Thank you for reading the shortened Beaver Flight.  Tomorrow, what I post the story arcs I had in mind, and a week later, the first chapter of Unruly should appear.  Also tomorrow, over at Psycho Drive-In, fixing Battleship.  Saturday, over at MuseHack, the January remake news round up .  Also Saturday, check out Comics Bulletin for comics-related reposts of Lost in Translation.

* Too bad I can't draw.

1 comment:

  1. Again, you mention a webcomic, and visuals - I think this is your strength. And your weakness. You seem to get very clear pictures in your mind, I think you've even said you can hear characters... and because these scenes are so clear to you, sometimes you forget to describe parts of them to the readers. If you do end up pairing up with an artist and going a webcomic route, I think you might be rather surprised by what pieces get filled into the background that you didn't anticipate. Even here you say Kayla was in "suspended animation" - I thought she'd aged normally, was just in a coma.

    I know you're not keen on character sketches, but I wonder what would happen if you tried sketching out a setting? What might you be taking for granted in that room? Something that might be usable as a weapon? As a listening device? I never even got a good sense of the base itself - there was a caf, and gym, and lounge, but how far apart? In Part 12, Darcy talks about "leaving the command section and entering the labs area", and I'm not sure if that's the first indication that they're adjacent. Are there any international boundaries? Do the support staff sleep in the same area as the pilots? If the focus is on the external battle, these things don't matter quite as much, but if we shift the focus, as seemed to be the desire, they do - and I think you did have a personal sense of this, what with Hue's hidden alcove. But it never came up. And it could have. (The other thing with a serial is I feel like you need to keep reiterating some of these minor points which might be otherwise forgotten, but I could be wrong in that.)

    Back to the story. It makes sense that Darcy would help out in command, giving us a nice window into their operations (which, again, might have been better sooner rather than later). There's a certain nice symmetry of Kayla being brought in by the very team who lost a member. It doesn't sound like she'll be able to provide much intel, but it's reassuring to the others that she wasn't mistreated. Part of me wonders if Yulya will be furious that Darcy got to speak with her first (and if that's why she was pulled out of command).

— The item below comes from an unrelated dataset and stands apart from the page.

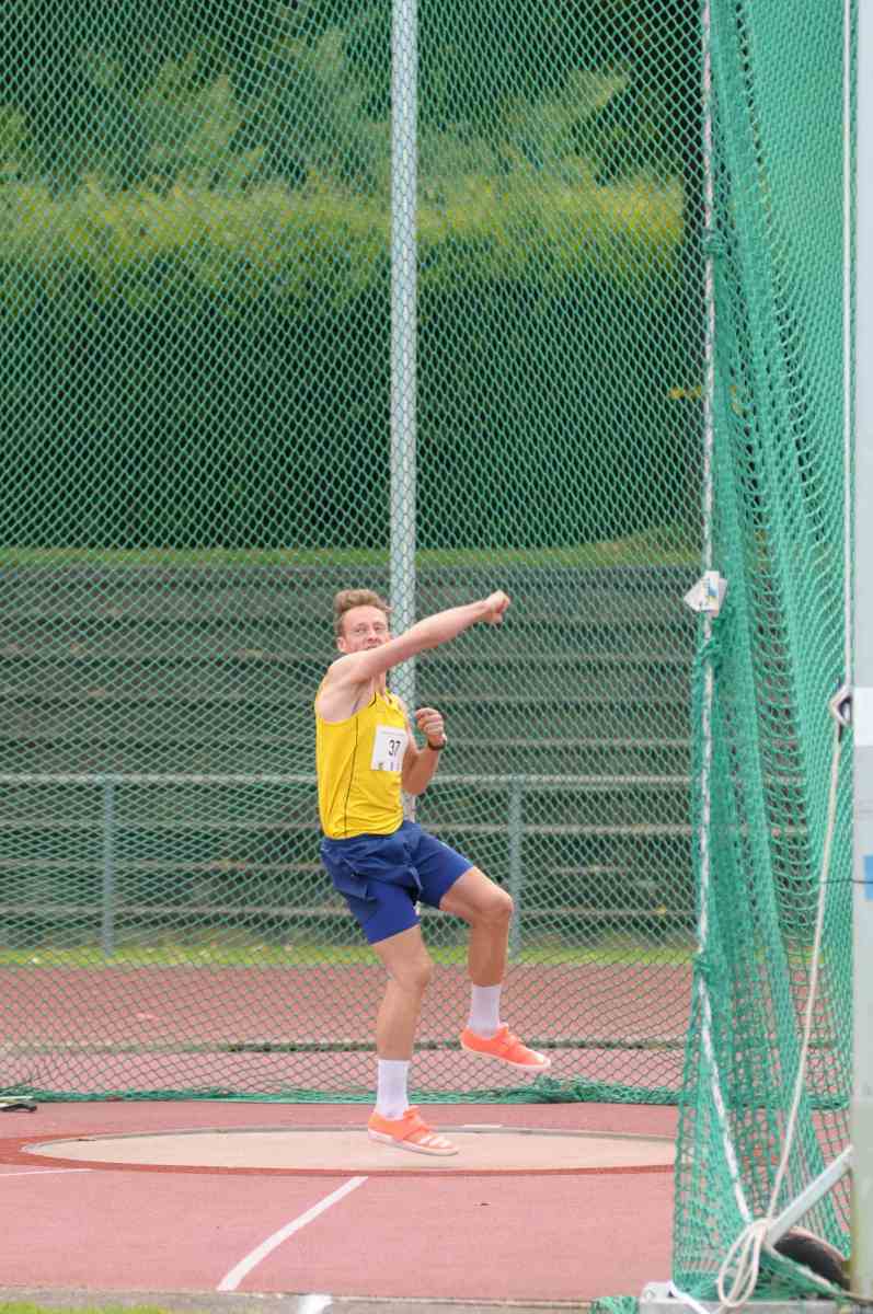 Auch Mehrkämpfer Loke Sommer (U18, LG Flensburg/ LK Weiche) steigerte sich zu einer neuen PB mit der 1,5kg schweren Scheibe auf 39,50m, warf den Speer auf eine neue pB von 53,06m und übersprang mit 1,77m eine neue pB im Hochsprung. Den lautesteten Freudenschrei gab es zurecht von Speerwerfer Florian Walther (M, LG Flensburg/ LK Weiche) zu hören, der erstmalig die 60 Meter-Marke durchbrach und bei drei Würfen über diese Linie am Ende 61,45m stehen hatte. Stark waren ebenfalls Nina Reincke (U18, Bredstedter TSV) die 42,97m mit dem Speer erreichte.

    I also don't think Dom and Renee's characters suffered as much as you think. Renee actually had a bit of an arc going, as she began freaked out by the experience, and almost as insufferable as Tori, but was starting to learn to do things for herself (like painting) and accept her role in the group. Seeing more of the transition might have been nice - in particular, I think it needed some external nudge we didn't see - but it was there. She was showing concern for Tori before the abduction. Dom pulled the shorter straw, but as more of an introvert, her best scene was probably the one with herself and the mail; when she's around others, she tends to default to 'older sister'. In a way, she's like Darcy, if you strip away the command and the occasional romantic notions of the moon... I could see her consoling Darcy after the loss of their teammate.

    Basically, in the end, you did have a novel here. But that story wasn't the one you wanted to tell. IMHO.